*What is required:* Give back every record verbatim, but not the pictures.

*Data shown:*

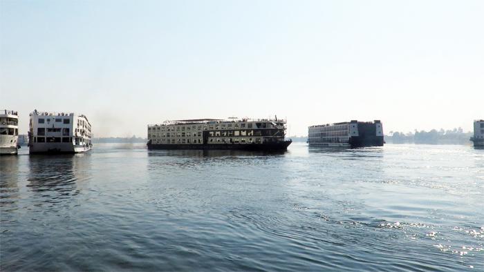 游轮向卢克索航行。在甲板上看到几条小船用绳子栓在游轮上,让游轮拖着走。
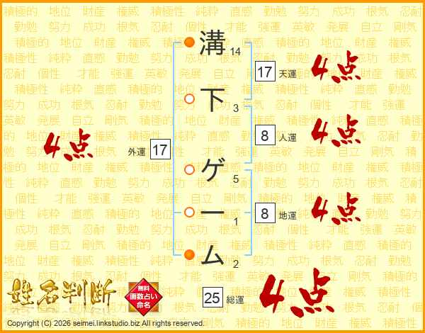 生活面を象徴する運勢です。外部から受ける影響力を表し、結婚運、家庭運や職場、環境への順応性を表します。総運から人運を引いた画数。姓や名が1文字の場合を除く。
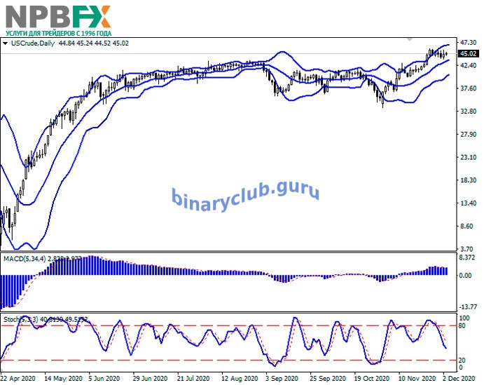 Некоторую поддержку инструменту оказали технические факторы, пока инвесторы по-прежнему ожидают каких-либо решений от ОПЕК+. Картель собрался на заседание, где обсуждается возможное продление действующих ограничений на добычу энергоносителя. По последней информации, на переговорах удалось достичь определённого прогресса, однако пока официальных комментариев не поступало. Вчера на курс положительно повлиял отчёт от Минэнерго США, который отразил снижение запасов нефти и нефтепродуктов в США на 0,679 млн баррелей после сокращения на 0,754 млн баррелей за прошлый период. Впрочем, аналитики рассчитывали на куда более значительное сокращение запасов — на 2,358 млн баррелей. Кроме того, росту покупательских настроений способствовали новости из Великобритании, где власти одобрили вакцины против коронавируса от компаний Pfizer и BioNTech. Старт кампании по вакцинации в стране ожидается уже 7 декабря.
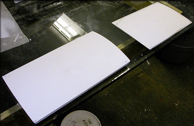 The seam was adequately hidden, so in that regard, this test was a success. The seam was technically right "at" the edge, so some careful sanding of the flashing produced a medium-grade part. This test piece was molded especially lightly, to see what was required, using only 2 layers of 2 oz. cloth, along with a bit of Cabosil to form a fillet around the inside of the seam. It weighs 2 ounces, painted. That's very light. But, it was easily twisted, and when deformed, would either crease, or break the seam at the floor. I decided that this wasn't good enough, and tried a different approach, below. The surface area for this part, excluding the frame, is about 100 square inches.
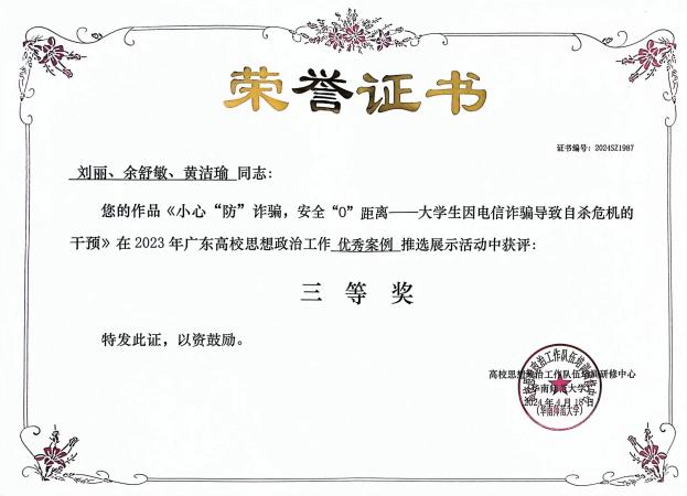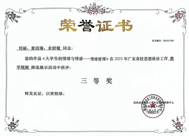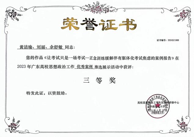 广东省教育厅2023年“5·25”大学生心理健康教育月系列活动三等奖 |
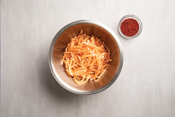 4. Throw away the salted and sugary water and season the marinated radish with chili powder.
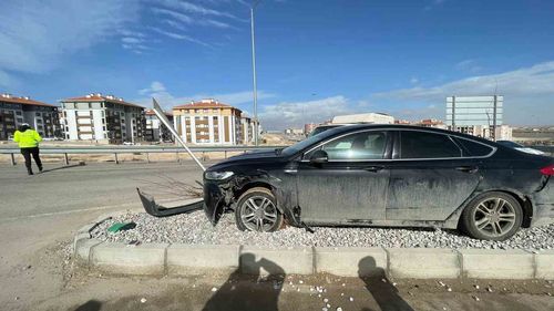 Karaman'da ters yöne giren otomobil köprülü kavşakta kaza yaptı
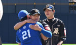[OSEN=수원, 조은정 기자]21일 수원 KT위즈파크에서 ‘2025 신한 SOL Bank KBO리그’ KT 위즈와 삼성 라이온즈의 경기에 앞서 삼성 오승환의 은퇴 투어 행사가 진행됐다.삼성 오승환이 KT 우규민과 포옹하고 있다. 2025.09.21 /cej@osen.co.kr
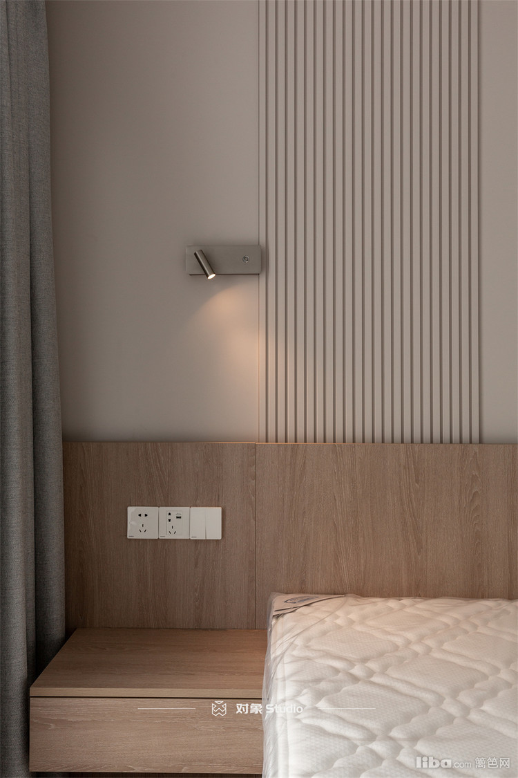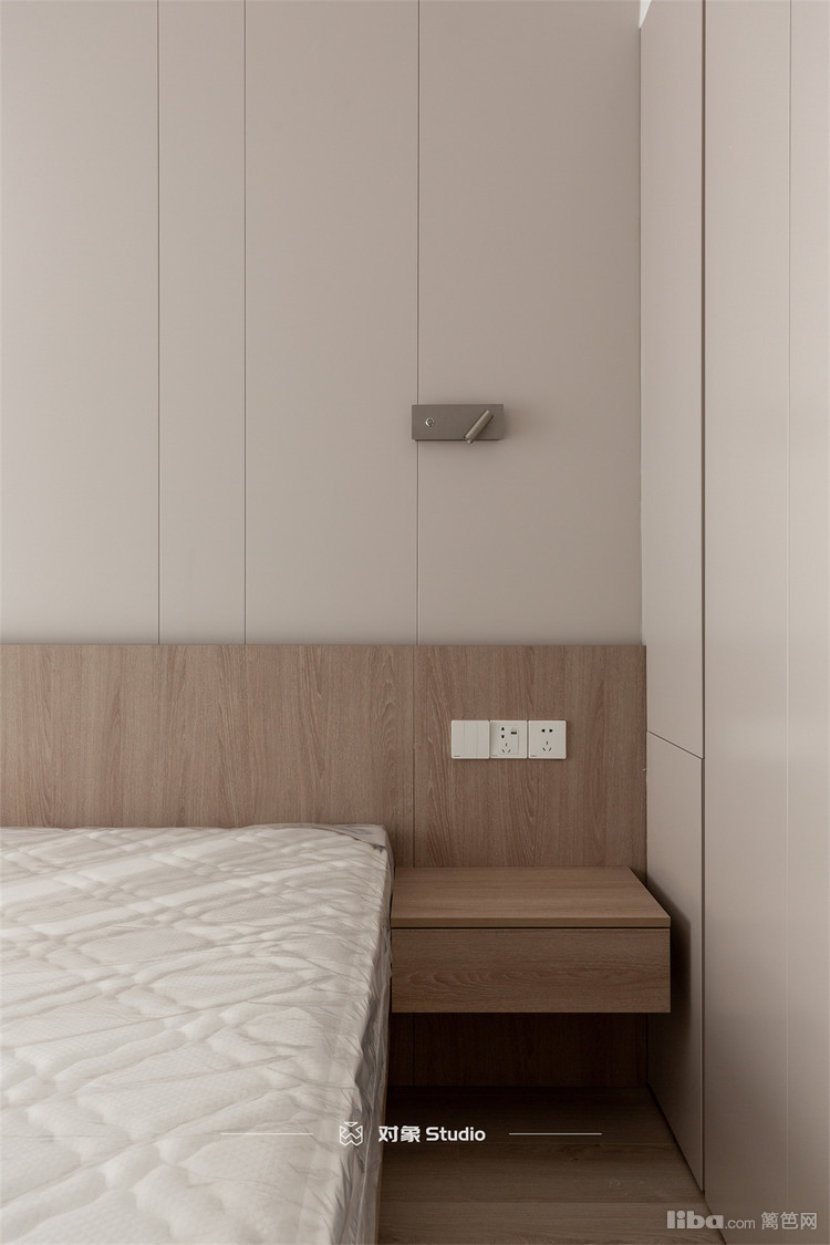 悬浮式的床头柜与床架相匹配,后期在打扫时,机器人可以随意进入,非常方便。
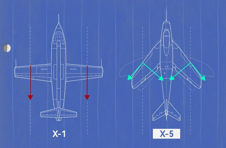 直到之后的 x5,又吸收了德国同行的设计,将原来平翼改成了能向后折叠,并能改变角度的可变后掠翼。
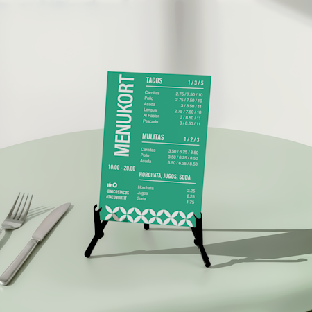 Hvis du vil øge holdbarheden, kan du vælge vandafvisende materialer, der kan tåle fedt, spildte væsker og slid – perfekt til udendørs servering eller genanvendelige menukort. Menukort af Foamex-materiale er en perfekt vind- og vandvisende løsning.
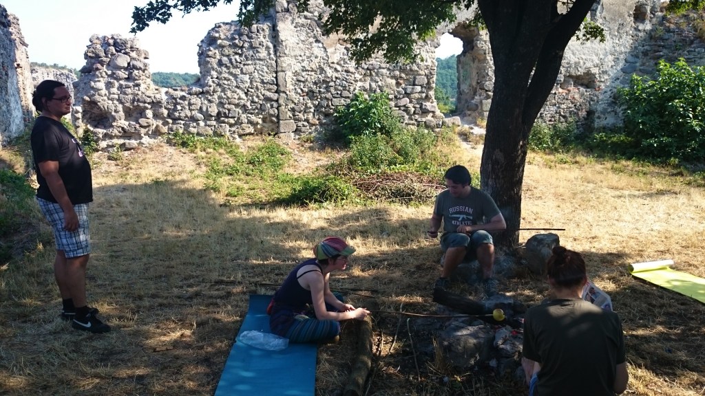 Reggel még tábortűznél sütöttünk reggelit, utána pedig megnéztük az egész vár legindokolatlanabb helyszínét, a félig beomlott kápolnát, ahova úgy kúsztunk be egy lyukon át. Már maga a hűvös terem is impozáns volt, de a kisebb terem, ahova átjutottunk, egészen borzalmasan krípi volt. Nem mi voltunk az elsők, akik ott jártak: a terem hátsó falánál egy hatalmas állati koponya volt elhelyezve, rajta valami piros (inkább festék, mint vér), előtte kis kövecskék körben, mint egy okkult szertartás része. Két opció van: vagy live szerepjátékosok jártak arra, vagy szektások. Ha előző este lemerészkedünk a kápolnába, lehet, hogy nem aludtunk volna olyan nyugodtan. (Nekem erről sajnos nincs fotóm.)

*Task solution:*
 游轮向卢克索航行。在甲板上看到几条小船用绳子栓在游轮上,让游轮拖着走。
 生活面を象徴する運勢です。外部から受ける影響力を表し、結婚運、家庭運や職場、環境への順応性を表します。総運から人運を引いた画数。姓や名が1文字の場合を除く。
 Некоторую поддержку инструменту оказали технические факторы, пока инвесторы по-прежнему ожидают каких-либо решений от ОПЕК+. Картель собрался на заседание, где обсуждается возможное продление действующих ограничений на добычу энергоносителя. По последней информации, на переговорах удалось достичь определённого прогресса, однако пока официальных комментариев не поступало. Вчера на курс положительно повлиял отчёт от Минэнерго США, который отразил снижение запасов нефти и нефтепродуктов в США на 0,679 млн баррелей после сокращения на 0,754 млн баррелей за прошлый период. Впрочем, аналитики рассчитывали на куда более значительное сокращение запасов — на 2,358 млн баррелей. Кроме того, росту покупательских настроений способствовали новости из Великобритании, где власти одобрили вакцины против коронавируса от компаний Pfizer и BioNTech. Старт кампании по вакцинации в стране ожидается уже 7 декабря.
 The seam was adequately hidden, so in that regard, this test was a success. The seam was technically right "at" the edge, so some careful sanding of the flashing produced a medium-grade part. This test piece was molded especially lightly, to see what was required, using only 2 layers of 2 oz. cloth, along with a bit of Cabosil to form a fillet around the inside of the seam. It weighs 2 ounces, painted. That's very light. But, it was easily twisted, and when deformed, would either crease, or break the seam at the floor. I decided that this wasn't good enough, and tried a different approach, below. The surface area for this part, excluding the frame, is about 100 square inches.
 广东省教育厅2023年“5·25”大学生心理健康教育月系列活动三等奖 |
 4. Throw away the salted and sugary water and season the marinated radish with chili powder.
 Karaman'da ters yöne giren otomobil köprülü kavşakta kaza yaptı
[OSEN=수원, 조은정 기자]21일 수원 KT위즈파크에서 ‘2025 신한 SOL Bank KBO리그’ KT 위즈와 삼성 라이온즈의 경기에 앞서 삼성 오승환의 은퇴 투어 행사가 진행됐다.삼성 오승환이 KT 우규민과 포옹하고 있다. 2025.09.21 /cej@osen.co.kr
 悬浮式的床头柜与床架相匹配,后期在打扫时,机器人可以随意进入,非常方便。
 直到之后的 x5,又吸收了德国同行的设计,将原来平翼改成了能向后折叠,并能改变角度的可变后掠翼。
 Hvis du vil øge holdbarheden, kan du vælge vandafvisende materialer, der kan tåle fedt, spildte væsker og slid – perfekt til udendørs servering eller genanvendelige menukort. Menukort af Foamex-materiale er en perfekt vind- og vandvisende løsning.
 Reggel még tábortűznél sütöttünk reggelit, utána pedig megnéztük az egész vár legindokolatlanabb helyszínét, a félig beomlott kápolnát, ahova úgy kúsztunk be egy lyukon át. Már maga a hűvös terem is impozáns volt, de a kisebb terem, ahova átjutottunk, egészen borzalmasan krípi volt. Nem mi voltunk az elsők, akik ott jártak: a terem hátsó falánál egy hatalmas állati koponya volt elhelyezve, rajta valami piros (inkább festék, mint vér), előtte kis kövecskék körben, mint egy okkult szertartás része. Két opció van: vagy live szerepjátékosok jártak arra, vagy szektások. Ha előző este lemerészkedünk a kápolnába, lehet, hogy nem aludtunk volna olyan nyugodtan. (Nekem erről sajnos nincs fotóm.)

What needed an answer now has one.